A majority of U.S. bank executives said they have seen an increase in the number of cyberattacks on their institutions in the past year and have boosted their cybersecurity budgets as a result, according to the most recent banking technology survey by professional services firm KPMG.
Roughly three in four executives (76%) said their banks have experienced an increase in cyberattacks, according to the survey. Nearly all respondents (92%) said they have increased their budgets to address cyber risk, with most (84%) having increased their budgets to specifically address risks posed by artificial intelligence.
The top emerging threats for banks include AI-introduced vulnerabilities in code (63%), deepfakes (62%), AI bots (57%) and securing agentic technologies (50%), KPMG said. As a result, banks are implementing regular audits (80%), robust security measures (79%) and collaborating with external experts (59%).

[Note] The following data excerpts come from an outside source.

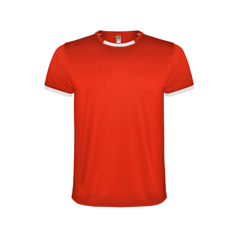 Camiseta técnica combinada con dos tejidos de poliéster, manga corta de estilo ranglán. Tejido principal bird's eye y paneles laterales e interior de la manga con tejido micro perforado. Cuello redondo con cubrecosturas de refuerzo en su interior. Camiseta de tejido confortable y fácilmente adaptable al cuerpo. Material: Tejido principal: 100% poliéster, bird's eye. Paneles: 100% poliéster microperforado. 140 g/m².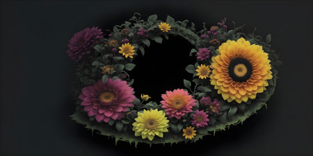 Wreath of flowers on a black background. Colorful flowers.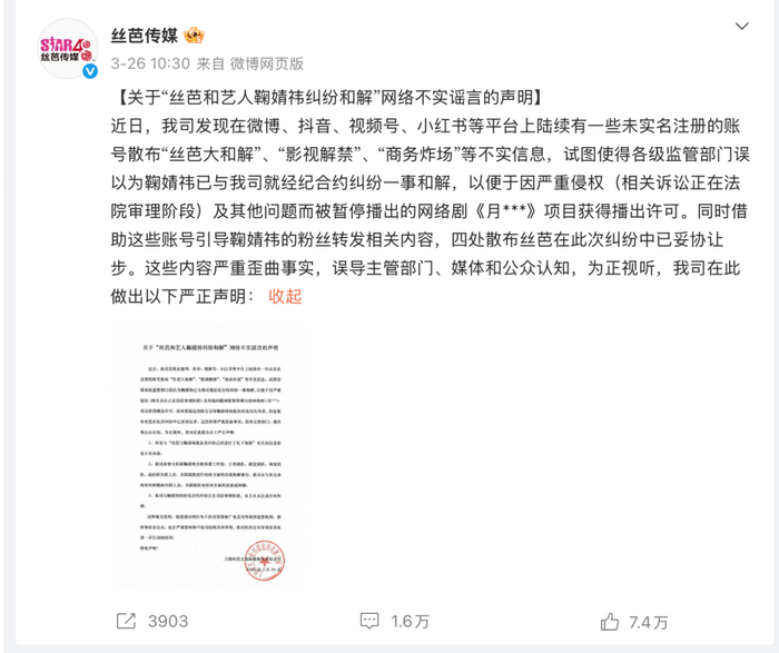 3月26日,丝芭传媒发布《关于“丝芭和艺人鞠婧祎纠纷和解”网络不实谣言的声明》,其中提到,丝芭未曾与任何鞠婧祎方的所谓工作室、工作团队、剧宣团队、网宣团队,或任何关联人员、关联组织进行任何方面的谈和解事宜。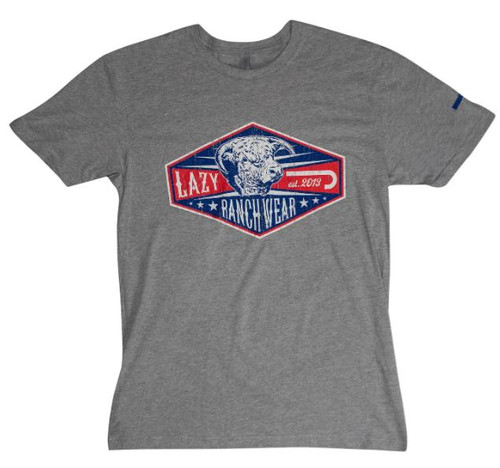 Lazy J Ranch Wear® Men's S/S Heather Grey Blue/Red Diamond T-Shirt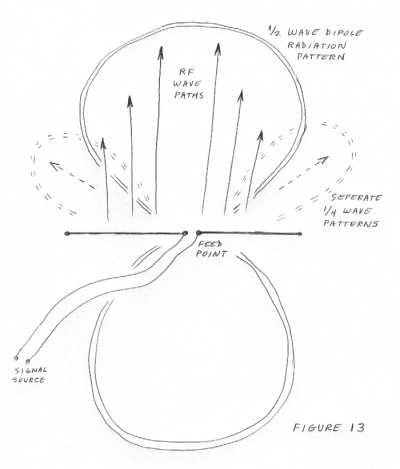 The previous paragraph stated that separate RF radiations do not affect each other. That is true after they leave the antenna element. Just before that happens it is still possible for antenna elements to affect which direction the final RF wave emerges at. A 1/4 wave monopole antenna radiates in a cone shape. See figure 12a. When two of them are placed back to back ( forming a � wave dipole ) the magnetic and electric fields have one last chance to pull on each other. The result is the ring shape of the pattern of the � wave dipole. See figure 13. A similar effect occurs for a long wire antenna. The fields compress against each other and cause a long lobed directional pattern for transmition. The same effect in reverse causes voltage multiplication when used for receiving. See figure 14.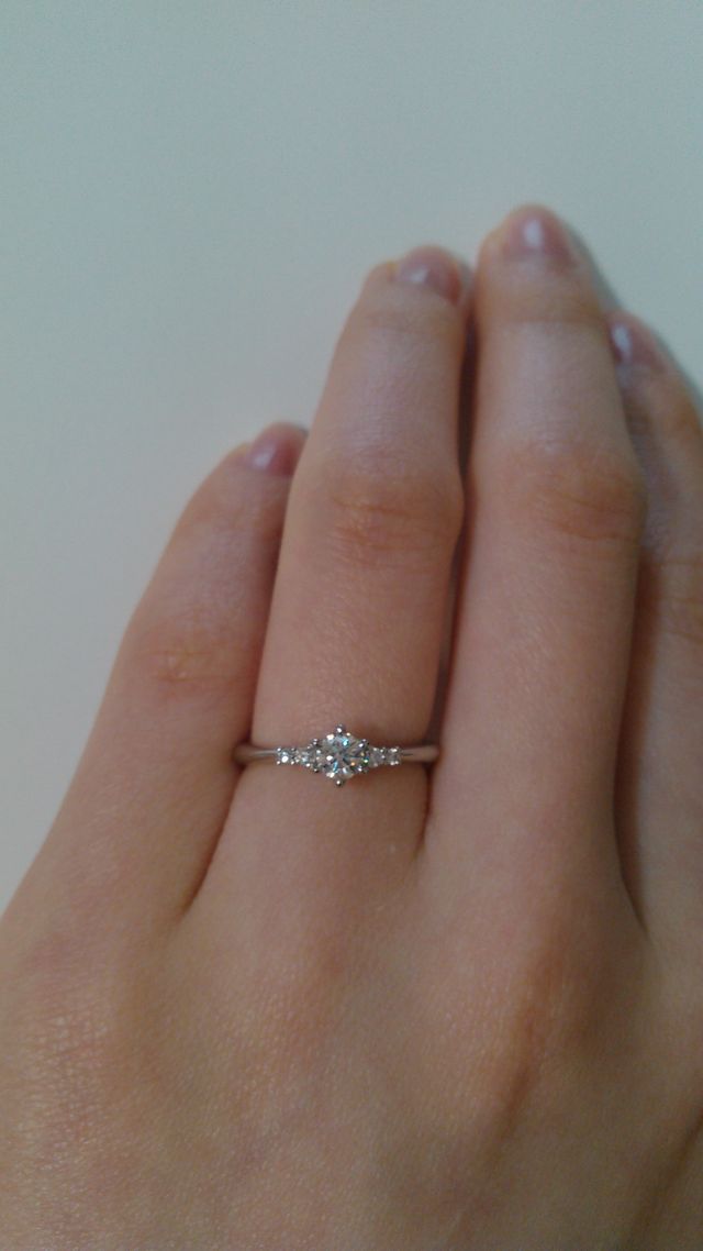 中央ダイヤのカラット数で迷った際にはサイズ違いの見本を持ってきてもらえましたし、納得いくまで楽しく悩むことが出来ました。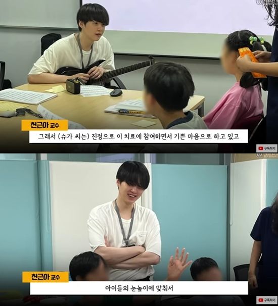 지난해 11월 천 교수를 찾아와 음악 재능 기부에 대한 의사를 밝혔다는 슈가. 천 교수는 "'정말 단순한 기부자가 아니구나'라는 걸 느꼈다. 프로그램 참여 내내 한 번도 지각 안 하고 저보다 더 일찍 와서 기타 연습하고 있더라. 아이들의 눈높이에 맞추려고 굉장히 애를 많이 썼고 슈가 씨의 행복한 표정을 잊을 수가 없다"고 이야기했다.

The survey also found that most respondents (77%) cited technology as a key factor in driving bank mergers and acquisitions. The technology-related objectives deemed most important when evaluating M&A opportunities were acquiring data, analytics or AI capabilities (67%), strengthening cybersecurity or risk capabilities (65%), accelerating core banking platform modernization (46%) and expanding digital or customer experience capabilities (45%).
The biggest technology integration risks in M&A include core banking platforms (56%), cybersecurity and identity access management (55%), data architecture and integration (51%), and regulatory or risk technology (50%). In contrast, payments platforms were seen as low risk (4%).